The unnamed 18-year-old mother (R.W.), who became the defendant in this case, was arrested for a violation of her parole in March of 2011. Shortly thereafter, she and her daughter were placed in the state’s Capable Adolescent Mothers (CAM) Program. R.W. naively believed that speaking honestly with the CAM worker was the best way to handle the situation, and she allegedly admitted to cannabis use while caring for her daughter. This was passed along the chain of command, and an emergency order for R.W.’s daughter’s removal was issued.

That story is one that plays out regularly across the nation. Because there are no national reporting requirements for child welfare agencies, it is impossible to know exactly how many children are removed from parental custody solely for cannabis, but anecdotal information indicates that they represent a not insignificant percentage of children removed from their homes. Thankfully, in this case, R.W. decided she was going to fight for her daughter. Even more thankfully, her appeal landed in front of a reasonable panel.

Judge Alvarez and the appellate panel decided, after reviewing the case, that a CAM worker’s verbal testimony to a superior about R.W.’s alleged cannabis confession should not have been admissible, as the original judge would not be able to assess the trustworthiness of this statement as anything other than hearsay. Moreover, they ruled that simply violating parole, an act which could leave R.W.’s daughter without parental care if R.W. was incarcerated, was not an act of abuse or neglect.

Most importantly, the review panel also ruled that using cannabis while caring for a child does not inherently create a situation where the child is in imminent danger and needs to be removed from parental custody. They indicated that the state failed to provide any documentation that cannabis use by parents has a deleterious effect on children in their custody.

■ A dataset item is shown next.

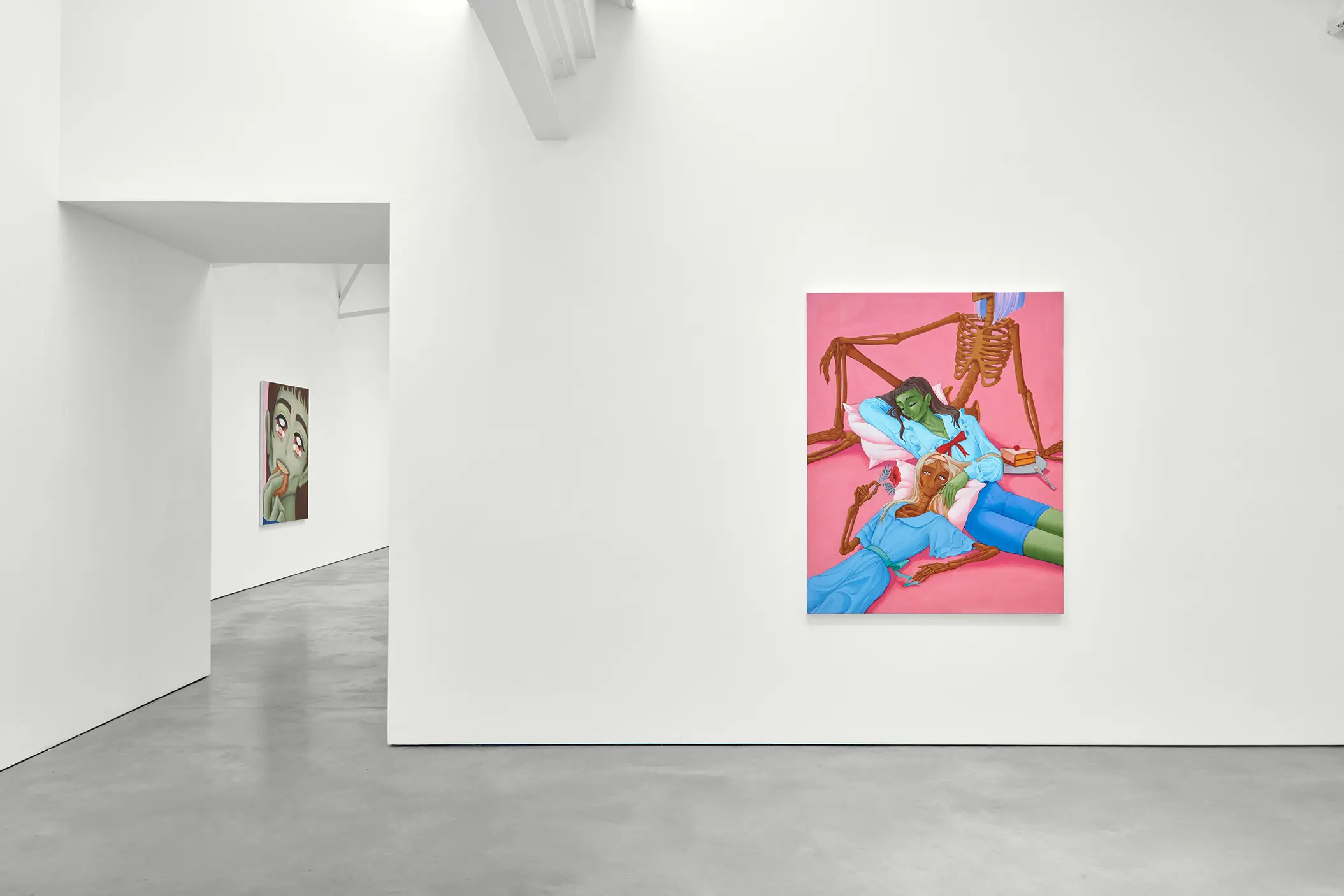 Working in painting, sculpture, and comic books, Julien Ceccaldi explores a set of archetypal characters that morph and develop in different iterations of themselves. Influenced by the Shōjo manga genre - which focuses on romantic relationships and heightened emotions, Ceccaldi portrays characters as yearning or aspiring in some form or another: for love, sex or success. Attention or affirmation is sought through different means, and Ceccaldi’s world tends to be split into two polarised types of being: hulking, muscular, glowing bodies – aloof targets of sexual and romantic desire – and the unnoticed, exhausted other in this unrequited dyad. Through compositions framing the gaunt, almost repulsive, figure as a lead protagonist, the artist hints at the grace and nobility lying underneath their off-putting traits.

While this is only one specific case and will not impact the broader practice of enforcing cannabis prohibition at the criminal and family court levels, it certainly sets a positive precedent for otherwise excellent and loving parents caught up in the legal system over their cannabis use. Hopefully, this decision will impact how lower courts in New Jersey process custody issues involving cannabis, and hopefully that rational policy will influence judges and lawmakers in other states as well.